Anschließend geht der Autor auf Kritik an Schweitzer ein, einschließlich des Vorwurfs von Bevormundung und Kolonialismus in seinem afrikanischen Werk. Er unternimmt, was er ein „Wiederherstellungsprojekt“ nennt, und unterscheidet zwischen dem hagiographischen Bild von Schweitzer als dem freundlichen Dschungelarzt und der komplizierteren historischen Figur. Basierend auf Karl Jaspers‘ Konzept der „paradigmatischen Individuen“ und David Purpels Vorstellung vom prophetischen Lehrer positioniert Rud Schweitzer weniger als Vorbild zur Nachahmung, sondern als Leuchtturm, an dem man sich orientieren kann.

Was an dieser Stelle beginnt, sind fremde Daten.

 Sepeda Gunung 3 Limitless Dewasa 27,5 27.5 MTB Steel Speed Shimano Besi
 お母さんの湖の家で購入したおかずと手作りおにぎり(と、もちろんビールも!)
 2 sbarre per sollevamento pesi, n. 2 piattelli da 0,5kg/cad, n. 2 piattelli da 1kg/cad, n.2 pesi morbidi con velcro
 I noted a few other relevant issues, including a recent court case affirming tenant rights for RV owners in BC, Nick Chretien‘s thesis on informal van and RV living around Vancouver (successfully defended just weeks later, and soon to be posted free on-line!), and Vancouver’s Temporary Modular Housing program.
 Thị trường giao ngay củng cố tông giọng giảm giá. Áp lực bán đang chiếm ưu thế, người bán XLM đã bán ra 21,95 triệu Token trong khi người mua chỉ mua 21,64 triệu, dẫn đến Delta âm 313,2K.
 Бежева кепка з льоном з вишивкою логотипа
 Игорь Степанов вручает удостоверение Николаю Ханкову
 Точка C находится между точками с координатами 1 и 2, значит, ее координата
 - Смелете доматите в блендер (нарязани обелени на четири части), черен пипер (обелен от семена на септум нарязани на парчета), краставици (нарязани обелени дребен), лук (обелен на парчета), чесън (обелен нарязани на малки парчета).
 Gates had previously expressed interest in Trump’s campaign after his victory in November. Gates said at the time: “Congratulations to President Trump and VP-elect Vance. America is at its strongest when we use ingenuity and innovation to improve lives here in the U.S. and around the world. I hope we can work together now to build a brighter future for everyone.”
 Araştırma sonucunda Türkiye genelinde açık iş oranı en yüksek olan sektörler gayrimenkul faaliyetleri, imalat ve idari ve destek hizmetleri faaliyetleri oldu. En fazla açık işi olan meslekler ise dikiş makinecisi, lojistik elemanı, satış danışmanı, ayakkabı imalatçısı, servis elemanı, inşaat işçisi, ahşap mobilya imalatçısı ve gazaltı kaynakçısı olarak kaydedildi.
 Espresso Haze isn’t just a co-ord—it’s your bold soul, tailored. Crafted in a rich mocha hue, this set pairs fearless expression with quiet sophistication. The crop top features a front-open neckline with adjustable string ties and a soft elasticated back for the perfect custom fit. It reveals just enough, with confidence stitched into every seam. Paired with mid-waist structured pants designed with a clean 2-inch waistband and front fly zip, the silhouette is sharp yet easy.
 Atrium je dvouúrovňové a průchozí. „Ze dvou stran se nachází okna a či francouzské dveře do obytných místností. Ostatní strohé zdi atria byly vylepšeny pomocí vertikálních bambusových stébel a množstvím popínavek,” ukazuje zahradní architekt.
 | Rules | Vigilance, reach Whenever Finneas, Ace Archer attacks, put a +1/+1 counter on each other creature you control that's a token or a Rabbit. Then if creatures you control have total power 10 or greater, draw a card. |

In den letzten Kapiteln werden Bildungsinitiativen untersucht, die von Schweitzer inspiriert wurden, darunter Schulen, die seinen Namen tragen, und Lehrpläne, die auf der Grundlage seiner Philosophie entwickelt wurden. Rud räumt ein, dass Schweitzers Einfluss auf die Bildungspraxis nach wie vor nur teilweise und verstreut ist, argumentiert jedoch, dass sein Beispiel Pädagogen eine Vision des Unterrichts bietet, die auf Gastfreundschaft, Gemeinschaft und Dienst basiert.

== Rezensionen ==
Mike W. Martin von der Chapman University beschrieb das Buch als „meisterhaft und wunderschön geschrieben“. Martin fand heraus, dass Ruds Konzept der praktischen Ehrfurcht sowohl für Lehrer, Administratoren als auch für akademische Gemeinschaften Anwendungsmöglichkeiten bot, die ihre Ehrfurcht vor der Bildung durch Rituale, Feiern und die Auseinandersetzung mit Schweitzers Schriften zum Ausdruck bringen wollten. Er bemerkte, dass Rud Schweitzers Umweltgedanken als zentrales Thema behandelte und wies darauf hin, dass Schweitzer Jahrzehnte vor der modernen Umweltbewegung die Ehrfurcht vor allen Lebewesen in den Mittelpunkt seiner Ethik gestellt hatte. Während Rud Schweitzer als vorbildlich darstellte, bemerkte Martin, dass das Buch auch seine Fehler als lehrreich behandelte, insbesondere seine komplizierten Überlegungen zum Kolonialismus und die persönlichen Opfer, die seine Mission seiner Familie auferlegte.
J. A. Helfer argumentierte, dass Schweitzer zu jeder Liste wichtiger Denker mit Relevanz für Bildung gehörte und dass es Rud gelang, die Ideen von jemandem zu erklären und zu erweitern, dem die Menschen sehr am Herzen lagen. Für Helfer führte die zweiteilige Struktur des Buches den Leser effektiv von Schweitzers prägenden Erfahrungen bis hin zu Anwendungen in der zeitgenössischen Bildungspraxis. Er empfahl die Arbeit für Sammlungen im Bachelor-, Master- und Forschungsbereich der höheren Klassen.